We are accustomed to consider this set as the main and main one. But meat is animal protein. It takes 6-8 hours to digest it, that is, 7-9 times more energy than carbohydrates. Meat does not contain vitamins and enzymes (digestion accelerators), so our body sends enzymes and vitamins from its reserves to break it down, practically weakening itself. This explains the feeling of drowsiness after the abundant use of meat dishes. The kidneys, liver, heart and lungs work with great effort to digest what they eat. We must try to control the amount of food and before meat dish munch on a salad or vinaigrette of raw vegetables and herbs. Regular consumption of meat strains metabolic processes in the body, which leads to premature aging. It is rational to eat meat 2-3 times a week in the amount of 100-150 grams per day.

Wieners, sausages, sausages and other semi-finished meat products include various artificial food additives, preservatives, fillers and therefore are unlikely to be beneficial.

Another thing is the fish. It also contains protein, but, unlike meat, fish is digested faster. It contains fatty acids and various minerals - iodine, fluorine, copper and zinc, which increase the body's resistance to infections, improve twilight vision, regulate the exchange of phosphorus and calcium. Useful and seafood - squid, mussels, sea kale.
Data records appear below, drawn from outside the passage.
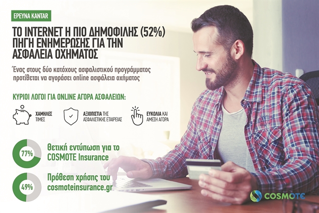 Ενας στους δύο καταναλωτές στην Ελλάδα που είναι κάτοχοι ασφαλιστικού προγράμματος προτίθενται να αγοράσουν online ασφάλεια οχήματος, σύμφωνα με έρευνα που πραγματοποίησε η εταιρεία Kantar για λογαριασμό της COSMOTE. Η έρευνα αναδεικνύει, επίσης, το Internet ως την πιο διαδεδομένη (52%) πηγή ενημέρωσης για την ασφάλεια οχήματος.
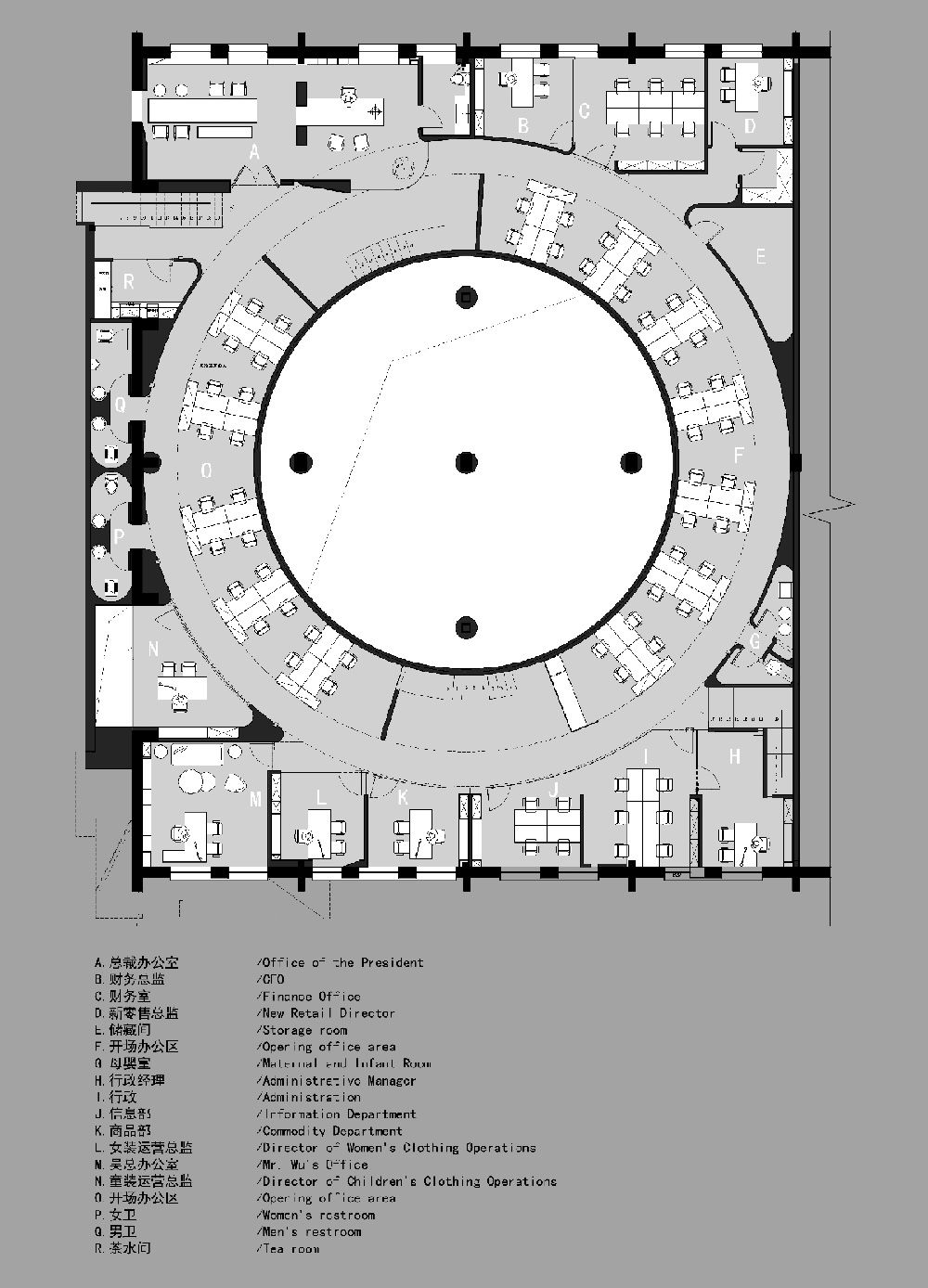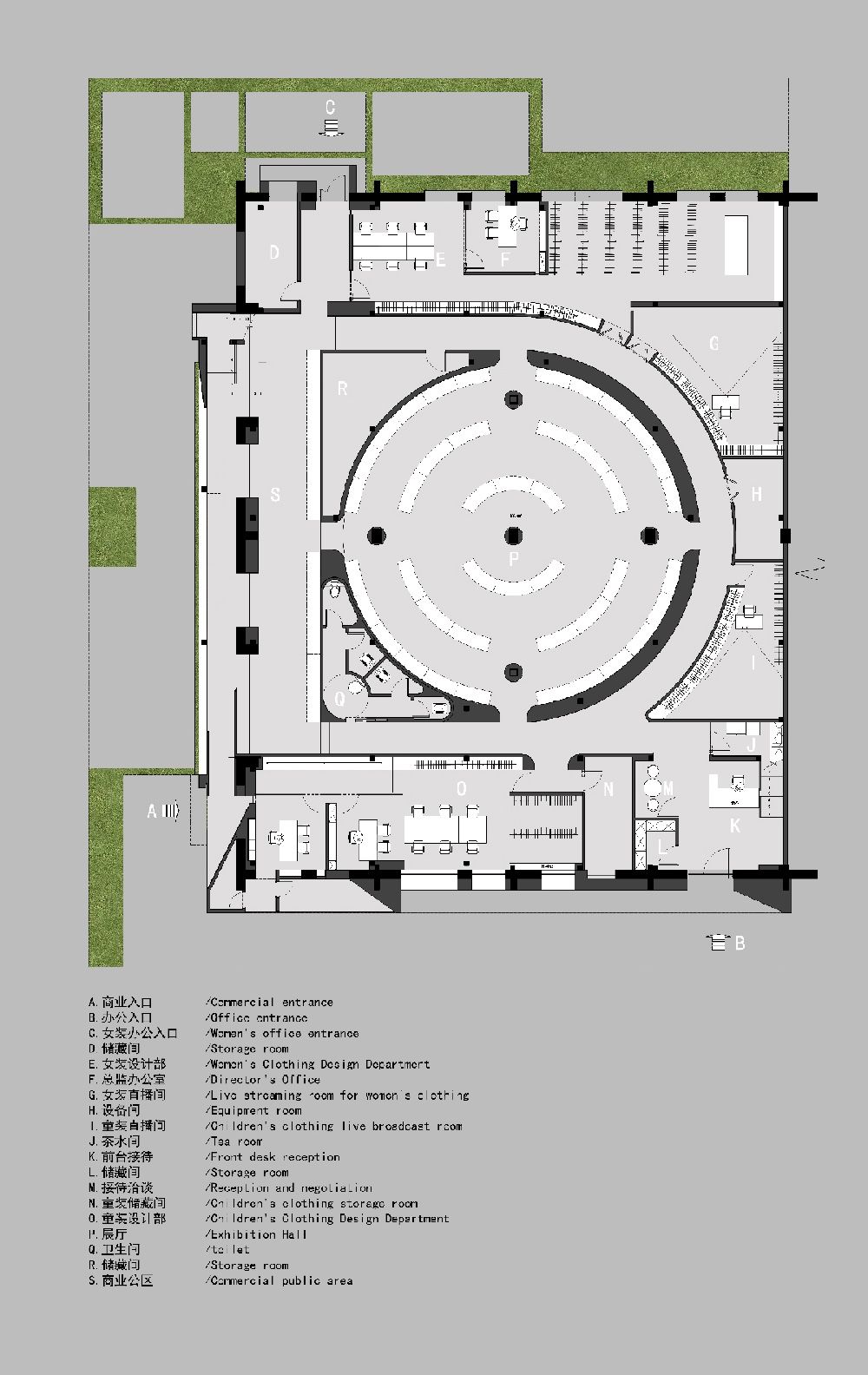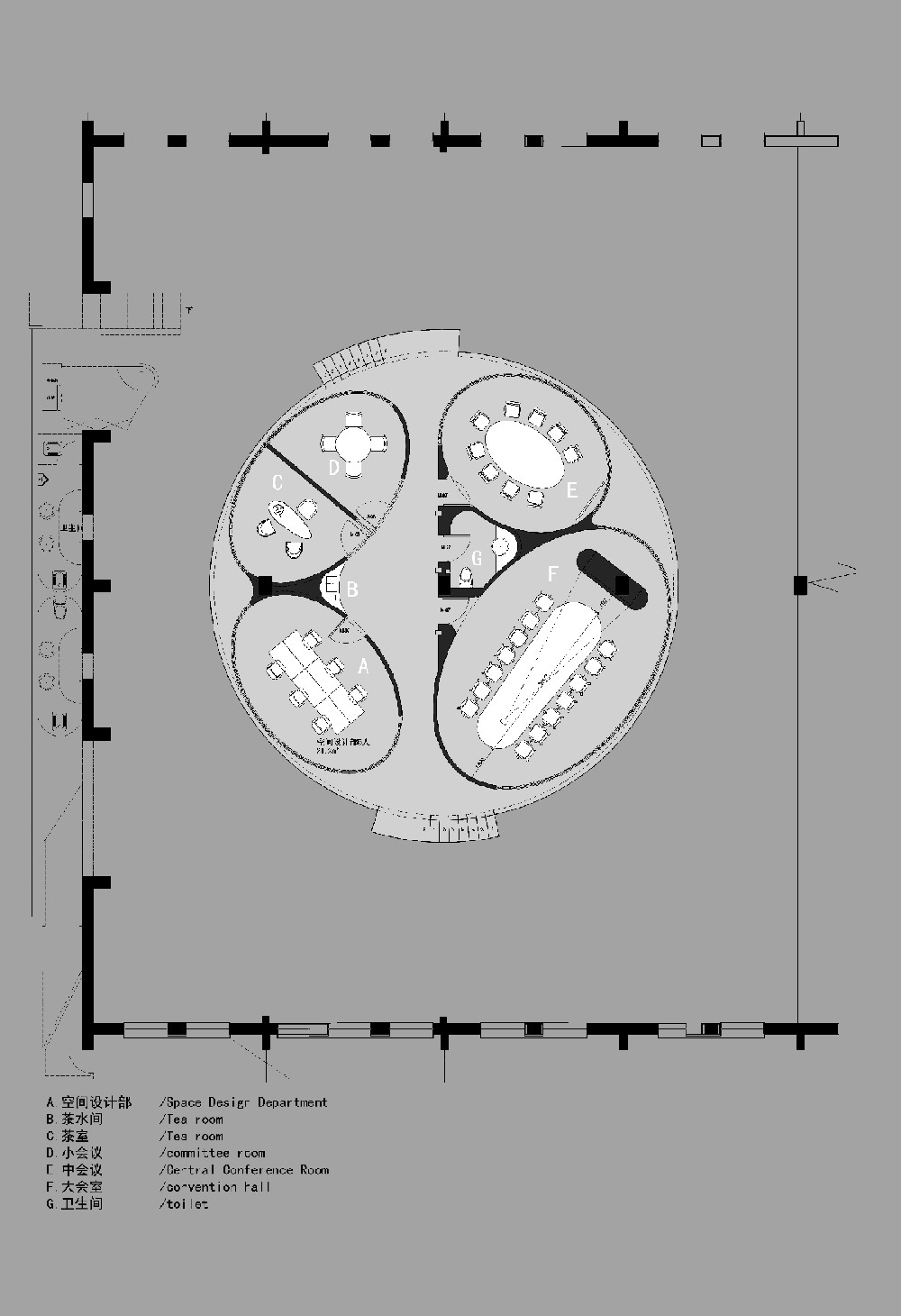 其上下两部分分别担任了多功能展示厅与洽谈会议的功能角色,四周环绕的开放办公区域彰显现代高效工作氛围。
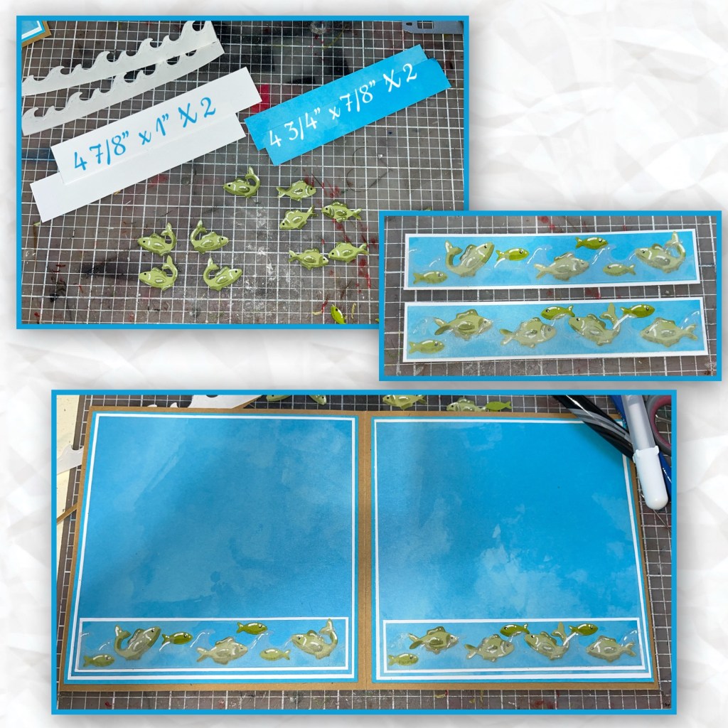 It is hard to see but I did use the new Ocean Edges on the border inside the card. I cut the border panels as shown below, I added vellum to double-sided adhesive and then cut the waves. I cut the fish from the Fishing Boat add on and I added shading with a Versa Mark Marker, and highlights with a white Gelly Roll pen. I layered the pieces as shown, having some of the fish under the Vellum wave and some over. I added wink of Stella to the Vellum to give it a little sparkle because it was hard to see and added it to the cardbase.
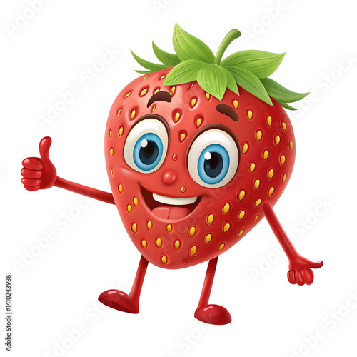 © Bibekananda, Fototapeta premium Happy cartoon strawberry character Strawberry
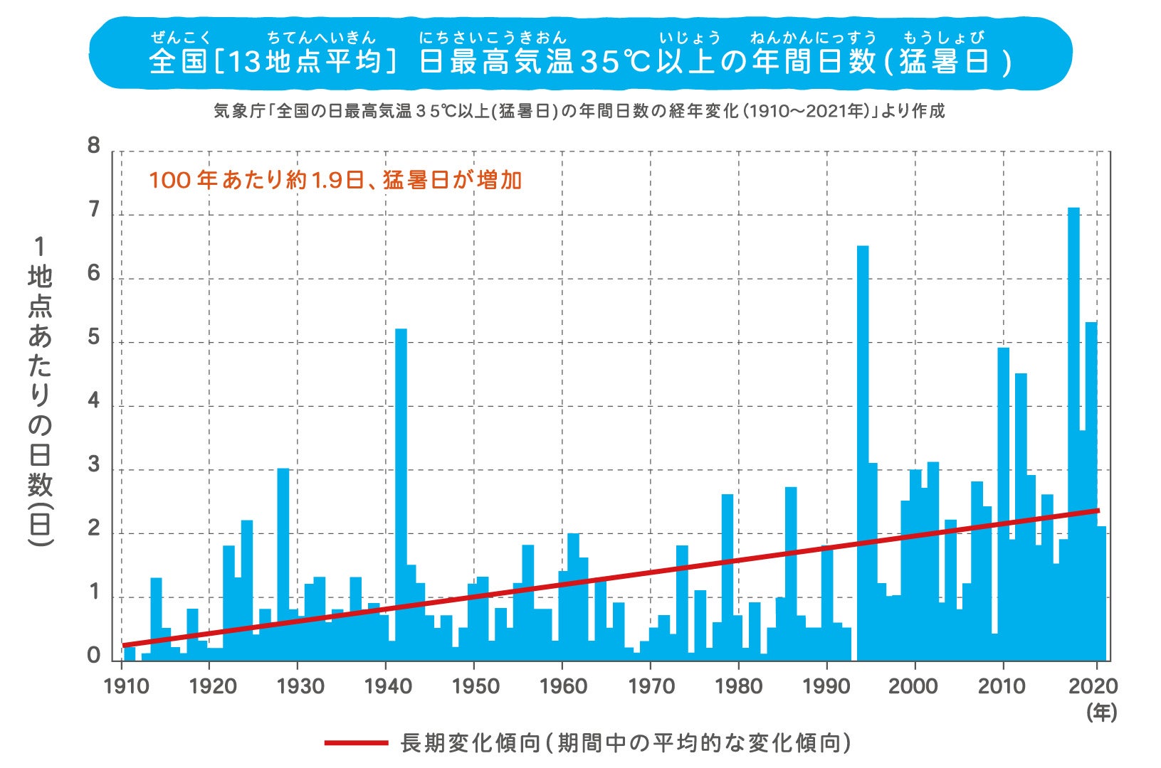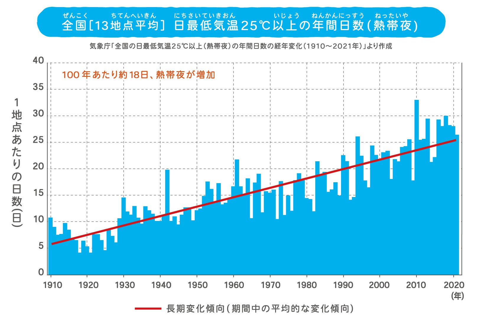全国の猛暑日(日最高気温35℃以上)の年間日数、熱帯夜(日最低気温25℃以上)の年間日数も増加しており、直近30年間(1992~2021年)の平均年間日数は、統計期間の最初の30年間(1910~1939年)と比べて猛暑日で約3.3倍、熱帯夜で約2.7倍に増加しています。
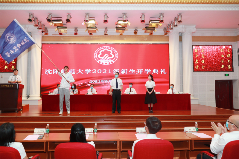 最后,党委书记贾玉明教授将必赢线路检测中心校旗从校团委学生兼职副书记、美术与设计学院2019级学生薛涵韵同学手中接过,传递给2021级新生代表、外国语学院王鹤童同学。崭新的大学生活即将拉开帷幕,在70周年校庆前夕的美好日子里,接过沈师人的接力棒,同学们将继续弘扬沈师精神、传承沈师文化,在强国路上谱写出绚丽的青春之歌。

Milk is ideal for a growing body. It is a balanced product, providing the child's body with almost everything necessary. And kefirs and yogurts also contain beneficial bifidobacteria that form human immunity.

At the top of the healthy eating pyramid are salt, sugar and sweets.

How little space they have. Just a little of them should be in our diet. Indeed, excessive salt intake leads to hypertension, obesity, atherosclerosis and kidney disease. Sugar lovers get metabolic disorders, diabetes, obesity, migraines and tooth decay. It is necessary to accustom yourself and your loved ones to minimally consume these products: salt - up to 6 grams per day (we sometimes use 15 grams), instead of sugar, cakes, sweets - jams and fruits.

The body of a teenager especially needs a proper balanced diet, as it grows intensively, develops, all body systems continue to form. That is why it is very important to watch what you eat and whether you stick to the diet during the day.

And now we will make an approximate diet for the day in accordance with the proposed scheme. Divide into groups and in three minutes make up your menu for one day, and then we will see what we got, justify your choice.

Please tell me what conclusions did you draw today class hour? What kind of food should be preferred? How should you eat?